Сбой проверки подлинности паролей для пользователя <user-name>

Эта статья поможет решить проблему, которая может возникнуть при подключении к гибкому серверу Базы данных Azure для PostgreSQL.

Симптомы

При попытке подключиться к гибкому серверу Базы данных Azure для PostgreSQL может возникнуть следующее сообщение об ошибке:

psql: ошибка: подключение к серверу в "<server-name.postgres.database.azure.com>" (x.x.x.x.x), сбой порта 5432: не удалось выполнить проверку подлинности паролей для пользователя "<имя> пользователя".

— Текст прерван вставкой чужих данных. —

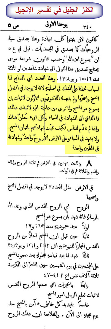 7 فَإِنَّ هُنَالِكَ ثَلاَثَةَ شُهُودٍ فِي السَّمَاءِ، الآبُ وَالْكَلِمَةُ وَالرُّوحُ الْقُدُسُ، وَهَؤُلاءِ الثَّلاَثَةُ هُمْ وَاحِدٌ.
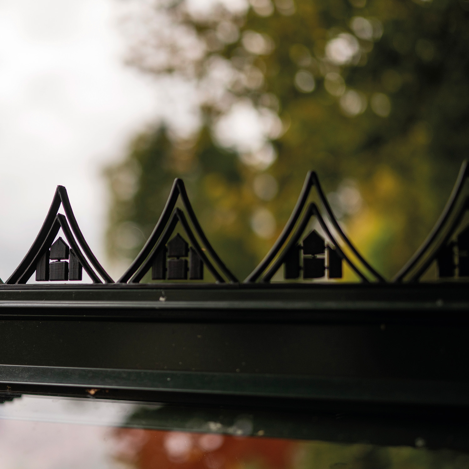 Mønedekoren monteres på drivhusets møne og gir drivhuset et mer tradisjonelt og stilfullt utseende. Den fungerer som en diskret krone på taket og fremhever drivhusets form uten å påvirke funksjonen.

Эта ошибка означает, что пароль, указанный для пользователя <user-name> , является неверным.

После первоначальной ошибки проверки подлинности паролей может появиться другое сообщение об ошибке, указывающее, что клиент пытается повторно подключиться к серверу, на этот раз без шифрования SSL. Эта ошибка возникает из-за конфигурации сервера pg_hba.conf , не разрешающей незашифрованные подключения.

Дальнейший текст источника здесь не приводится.